You are viewing a plain text version of this content. The canonical link for it is here.
Posted to dev@nifi.apache.org by we are <ar...@gmail.com> on 2018/01/24 11:48:40 UTC

RedisConnectionPoolService Makes NiFi Unresponsive

Hi,

Recently we switched the server we run nifi on from a 24 core server to a 4
core one, and since then approximately 4 times a day nifi stops responding
until it is restarted . Then we switched to an 8 cores server, and now it
happens approximately every 2 days.

When this happens, the UI becomes unresponsive, as well as the rest api.
The number of nifi active threads metric returns 0 active threads, and the
cpu is at 100% idle.

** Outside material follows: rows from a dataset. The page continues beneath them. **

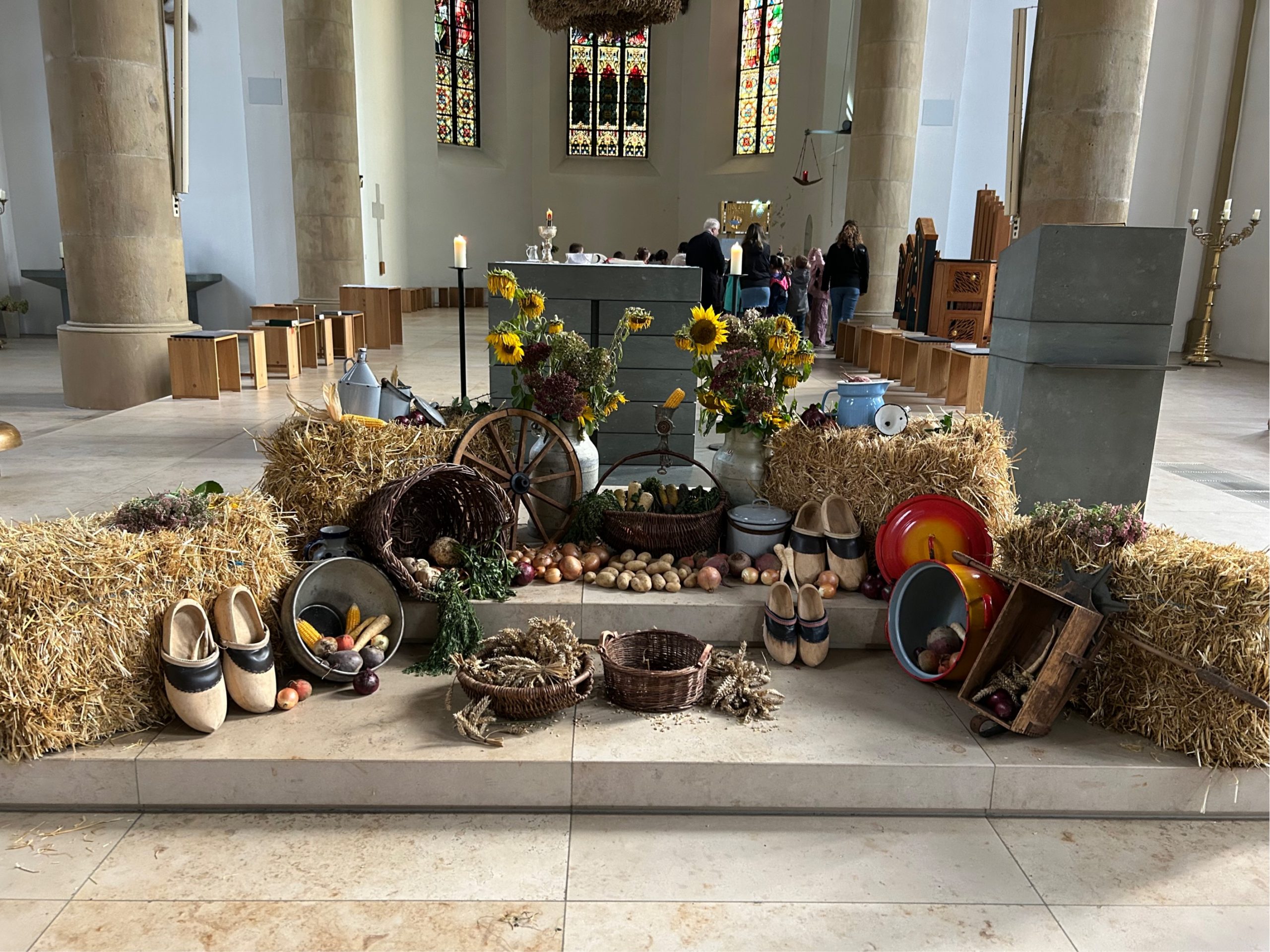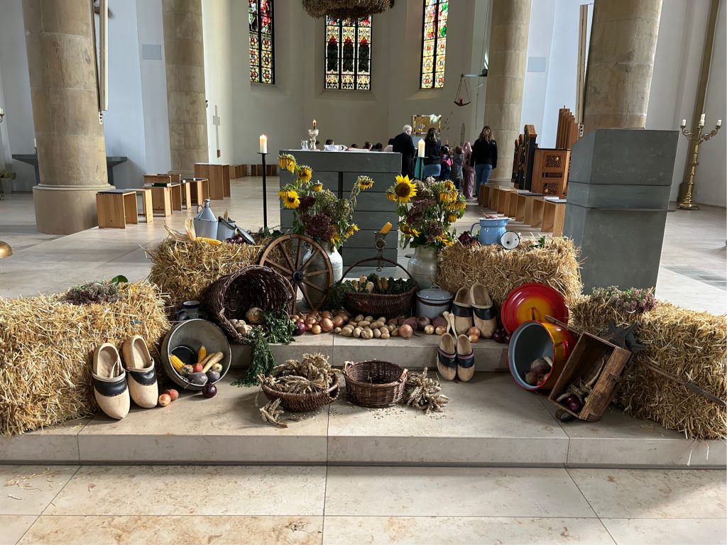 Der Altarraum war noch vom Erntedankfest geschmückt.
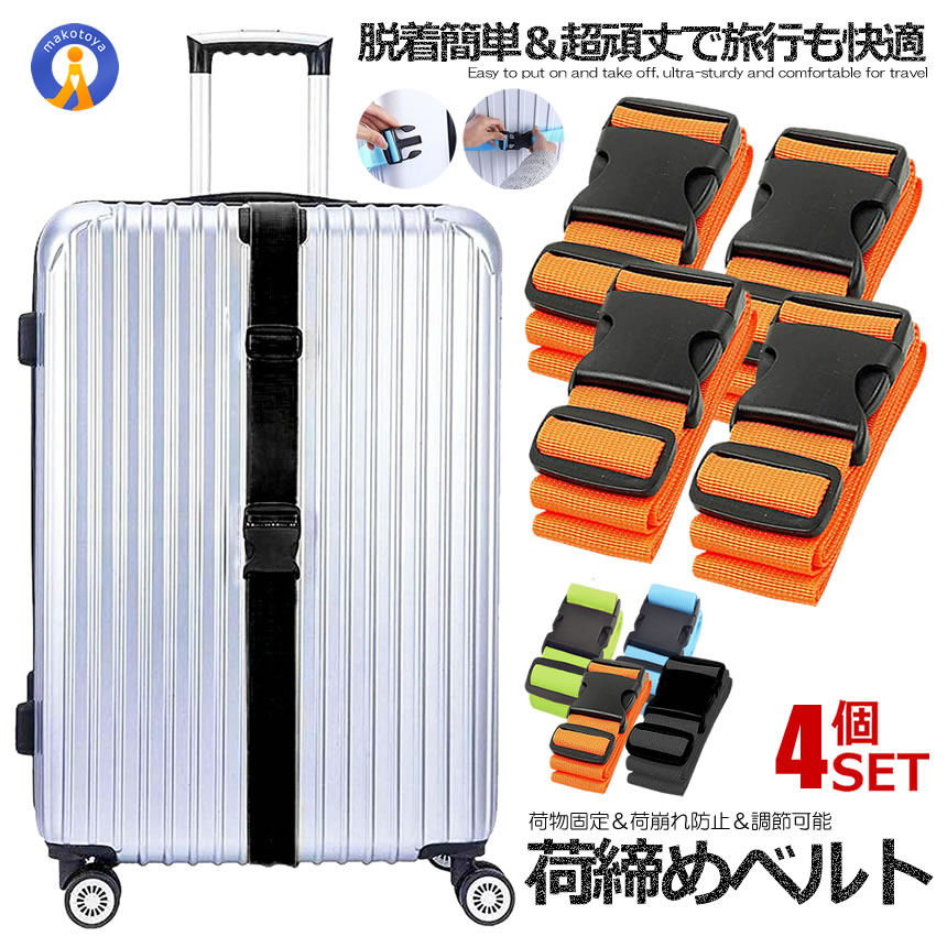 スーツケースベルト 4本セット バッグとめる 荷崩れ防止 旅行 トラベルグッズ キャリーバッグベルト トランクベルト 固定 ストラップ 荷締め 目印にも SUTUNIZI
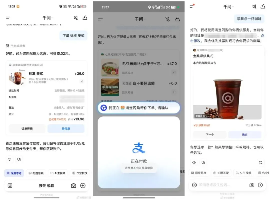 从演示结果来看,经过授权,千问就能调用淘宝闪购的服务能力,精准定位、推荐合适的商家、生成订单,并通过内置的“支付宝AI付”功能一键付款,实现“说一句,就送到”。随后网友也纷纷进行了测试,博主@小白测评买了一杯咖啡,@数码IT君点了一杯美式,@HHP良来了一份便餐,根据大家的讨论,焦点还是集中在是否有更大的优惠,是否能货比三家?有部分网友表示,和手动点单相比,千问点单似乎会贵1元左右。
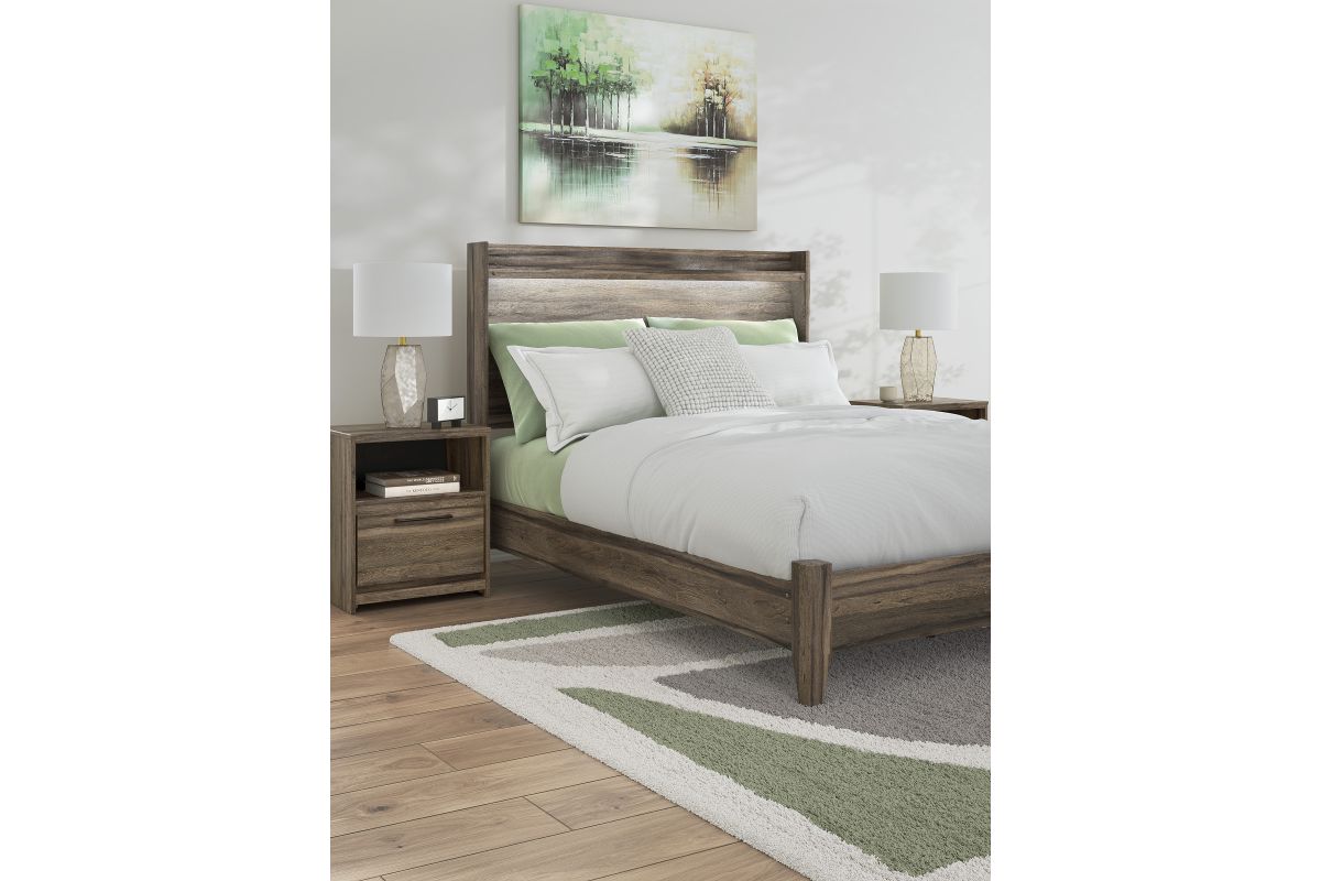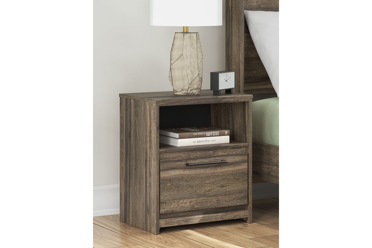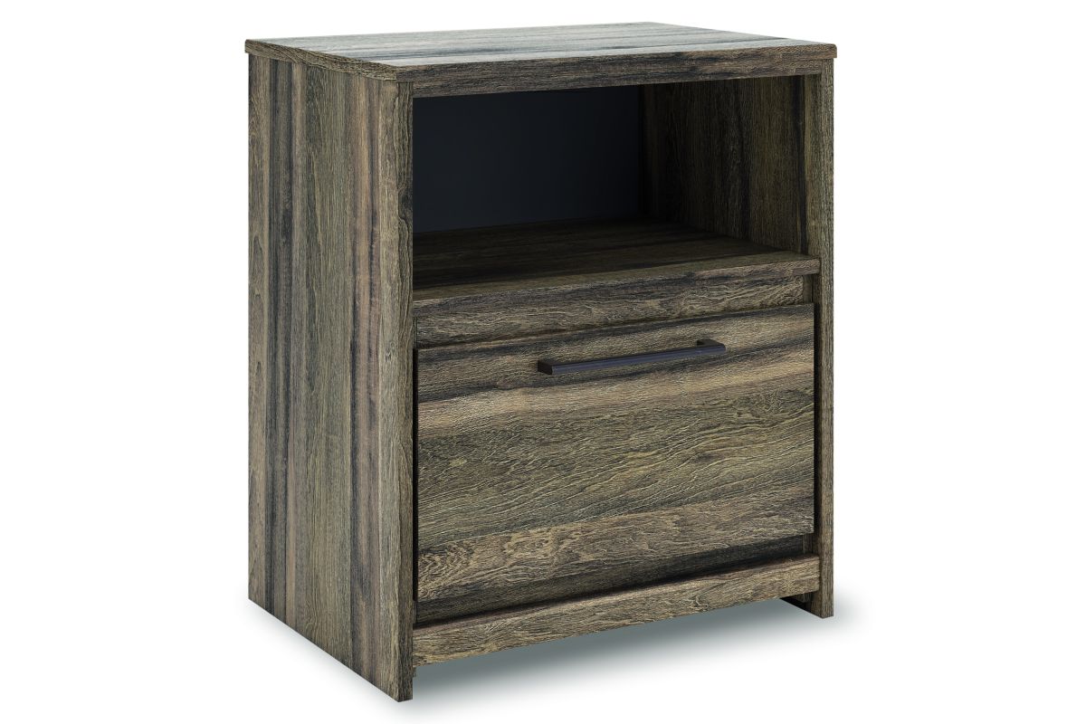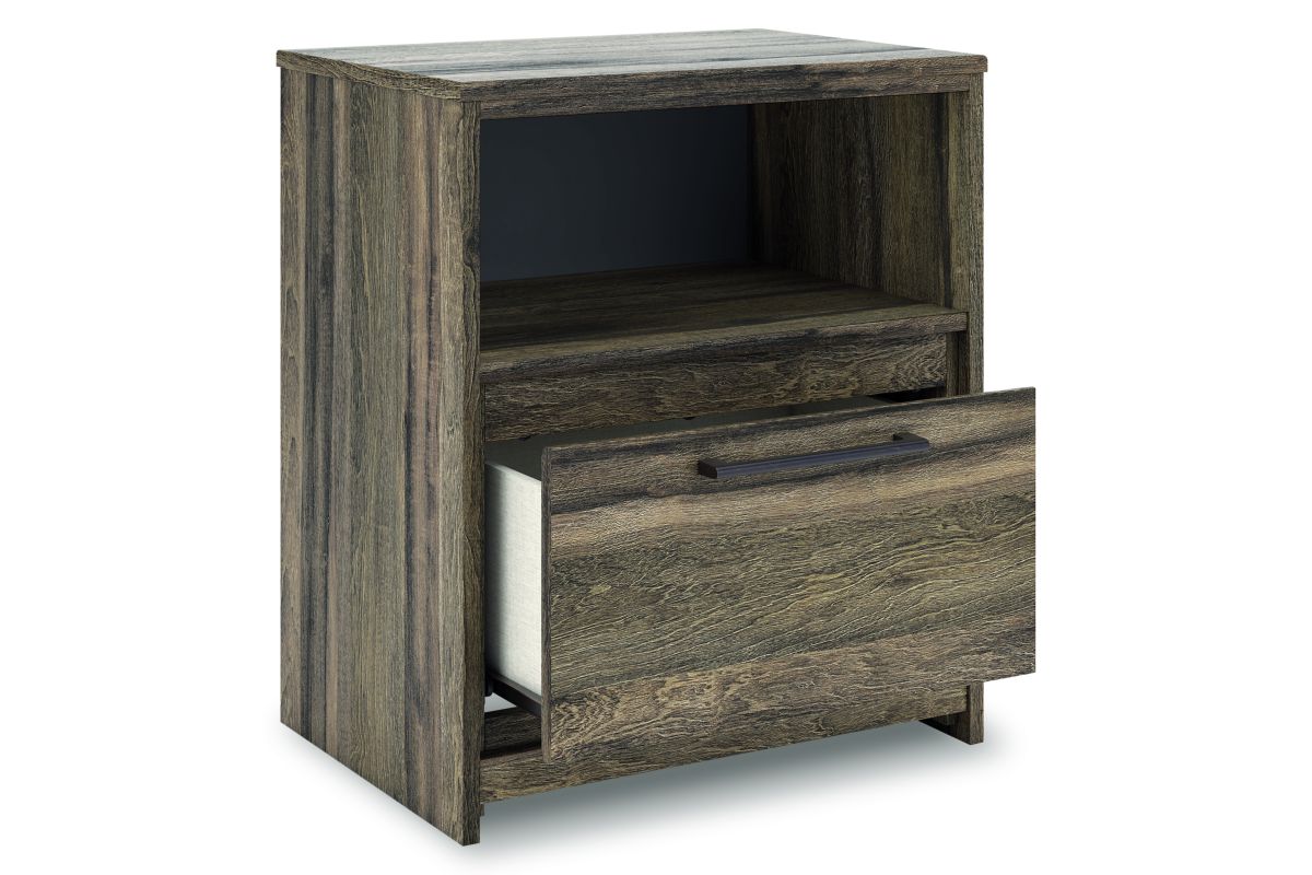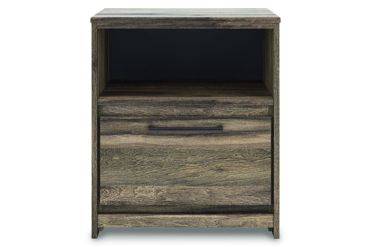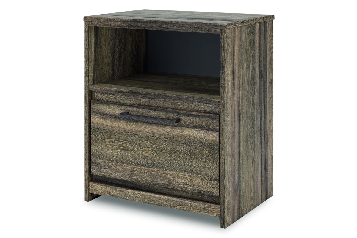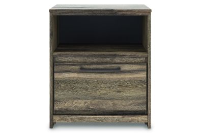 Casually cool style and lots of storage go hand in hand with this nightstand. A weathered brown finish over replicated oak grain creates an easygoing vibe, setting the scene in your restful retreat. The nightstand's clean lines and modern handles provide a fuss-free look. You’ll find its drawer and cubby to be spacious, and the USB charging keeps up with your high-tech lifestyle.
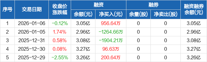 洪田股份:融资净买入956.64万元,融资余额3.05亿元(01-06)

There is not large spike in flowfiles, memory or cpu
usage before nifi stops responding. But, when we checked the provenance
repo we saw that events were getting created. The logs only show that
events are being created, there are no errors or warnings. By looking into
the content of the events we were able to determine that events were
flowing up until a processor using the RedisConnectionPoolService.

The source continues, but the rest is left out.